Directions for this task:
In the entries below, find the line with "66% rayon, 34%" and the line with "今回、ICTを活用した新たな". Return those two lines and all lines between them, exactly.

Records provided:
*** Block opens ***
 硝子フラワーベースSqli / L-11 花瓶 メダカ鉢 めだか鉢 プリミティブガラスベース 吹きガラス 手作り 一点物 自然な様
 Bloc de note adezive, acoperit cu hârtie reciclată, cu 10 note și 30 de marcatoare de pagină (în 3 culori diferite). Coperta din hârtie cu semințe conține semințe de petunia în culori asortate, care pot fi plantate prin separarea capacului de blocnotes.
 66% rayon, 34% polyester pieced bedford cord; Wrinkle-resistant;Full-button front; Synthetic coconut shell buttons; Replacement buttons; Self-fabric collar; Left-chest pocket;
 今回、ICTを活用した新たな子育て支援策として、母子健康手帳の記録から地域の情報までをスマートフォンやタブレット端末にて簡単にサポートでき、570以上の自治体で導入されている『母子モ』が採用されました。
*** Block closes ***
*** Block opens ***
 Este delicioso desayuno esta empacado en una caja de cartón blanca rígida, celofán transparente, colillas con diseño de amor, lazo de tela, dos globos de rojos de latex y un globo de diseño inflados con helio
*** Block closes ***
Solution to this task:
 66% rayon, 34% polyester pieced bedford cord; Wrinkle-resistant;Full-button front; Synthetic coconut shell buttons; Replacement buttons; Self-fabric collar; Left-chest pocket;
 今回、ICTを活用した新たな子育て支援策として、母子健康手帳の記録から地域の情報までをスマートフォンやタブレット端末にて簡単にサポートでき、570以上の自治体で導入されている『母子モ』が採用されました。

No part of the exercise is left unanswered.